I was silent. Without a word he took an unhurried look at Harey where she sat immersed in her reading, then turned his gaze back to me. I felt I was turning pale; I couldn’t stop myself.
“Well?” he said.
I shrugged.
“All those X-ray sermons about the wonderfulness of humankind — that’s all nonsense in my view. Yours, too. Or am I wrong?”
“Really?”
“Really.”
“Very well then,” he said and smiled, as if I’d granted his wish. “So you’re opposed to this business of Sartorius’s?”
I didn’t yet understand what had happened, but from his expression I realized that he’d led me exactly where he wanted to. I didn’t speak — what could I have said at that juncture?
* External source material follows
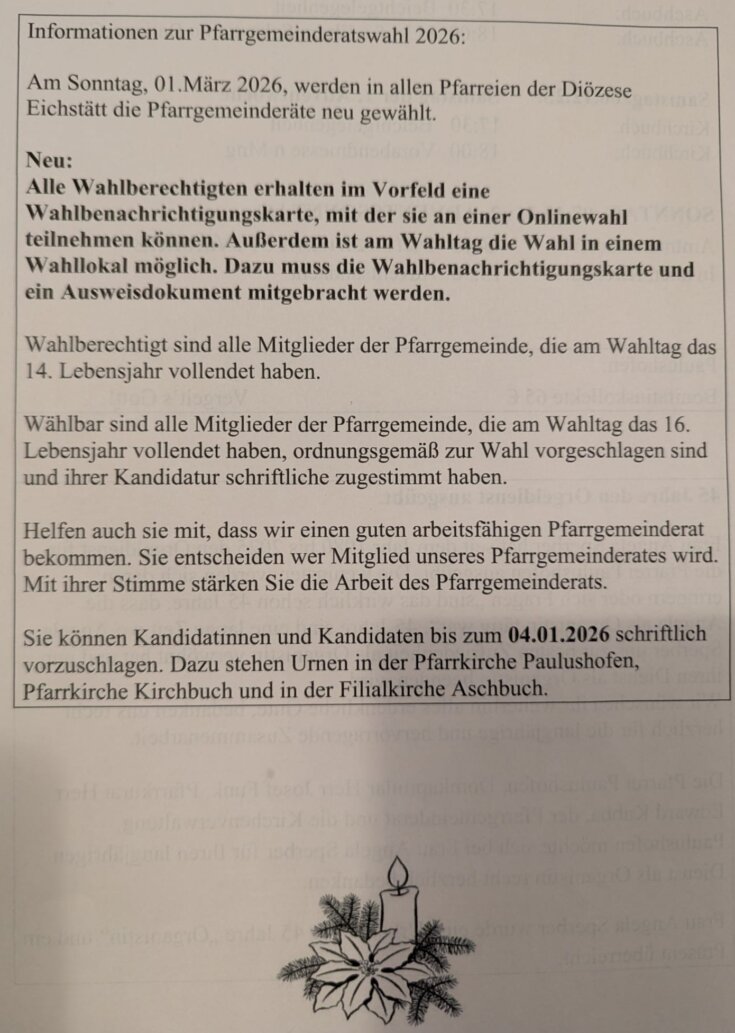 Am 1. März 2026 findet die Pfarrgemeinderatswahl statt. Wir freuen uns über schriftliche Wahlvorschläge, die in den Wahlurnen in unseren Pfarrkirchen in Kirchbuch und Aschbuch bis 04.01.2026 angegeben werden können.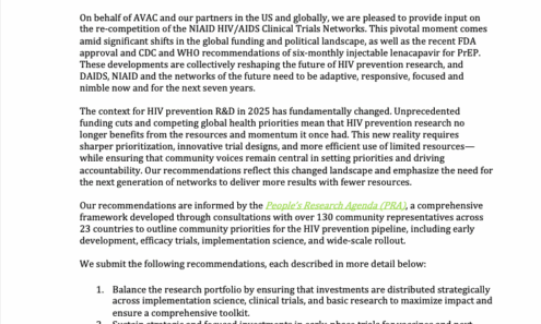 AVAC’s formal input submitted on the re-competition of the NIAID HIV/AIDS Clinical Trials Networks. The recommendations were informed by the People’s Research Agenda (PRA), a comprehensive framework developed through consultations with over 130 community representatives across 23 countries.

“Excellent,” he said. “Because there’s also another project. To adapt a Roche machine.”
“An annihilator…?”
“Yes. Sartorius has already carried out the preliminary calculations. It’s doable. It won’t even require a lot of power. The machine will run twenty-four hours a day or for an unlimited time, to create an antifield.”
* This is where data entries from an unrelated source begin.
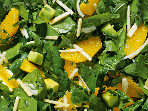 Spinach salad with orange and turnip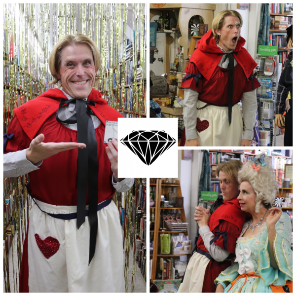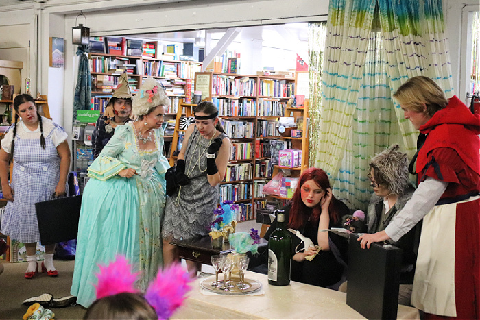 We returned to one of our favorite places in the world–Red Rock Books. In the spirit of the magic of word play, we crafted a puzzle all about playing with double meanings and double identities. A spiritual homage to Eat Cake in 2019, we brought back a group nefarious ne’er-so-wells working against each other for the sake of a common goal: the liberation of Gladys Honeypot’s hidden treasure. But they don’t know what the treasure is. Nothing like a bunch of ambitious boneheads trying to burgle a bookstore to birth a bevy of belly-laughs. And what better time than a costume party to hide your identity, dress yourself in ridiculous lies, and mask your real motives.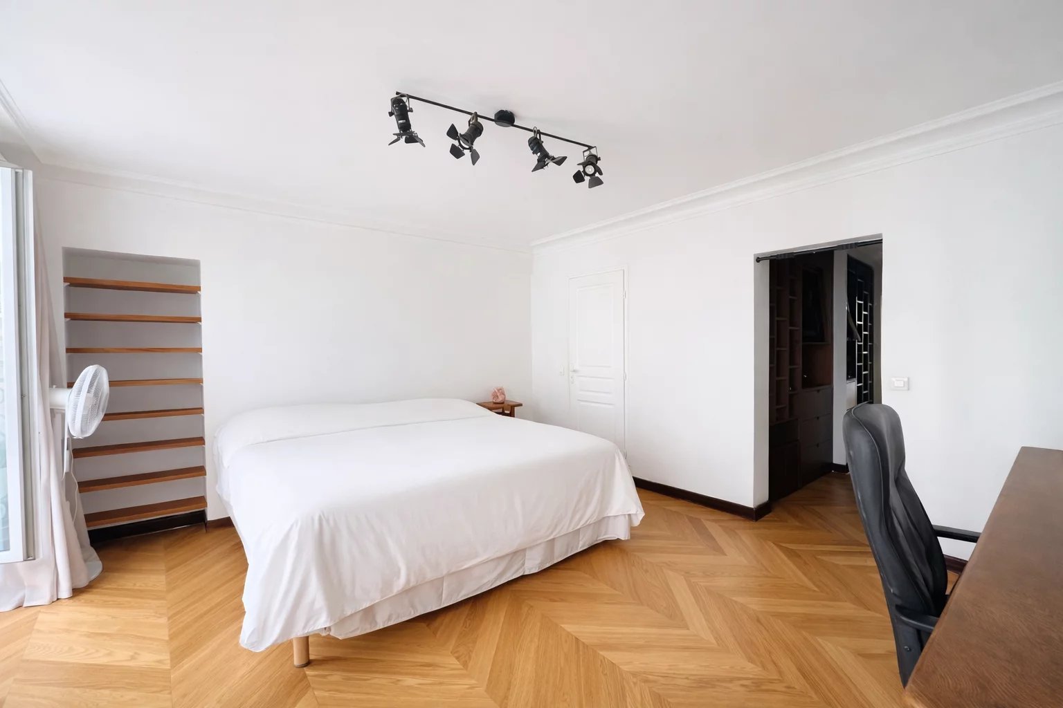 L’appartement s’ouvre sur une entrée menant à un grand séjour – salle à manger exposé Sud, bénéficiant de parquet, moulures et cheminées.

“W…wait! How do you envisage that?!”
“It’s very simple. It’ll be a neutrino antifield. Ordinary matter will remain untouched. The only thing to be destroyed will be… neutrino systems. You understand?”
He gave a satisfied smile. I sat there with my mouth agape. The smile gradually disappeared from his face. He frowned at me searchingly and waited.
“So Project Thought, the first one, we’re rejecting that. Right? And the second one? Sartorius is working on it already. We’re going to call it Project Freedom.”
I closed my eyes for a moment. I’d suddenly made up my mind. Snaut was not a physicist. Sartorius had turned his visuphone off or broken it. Very well.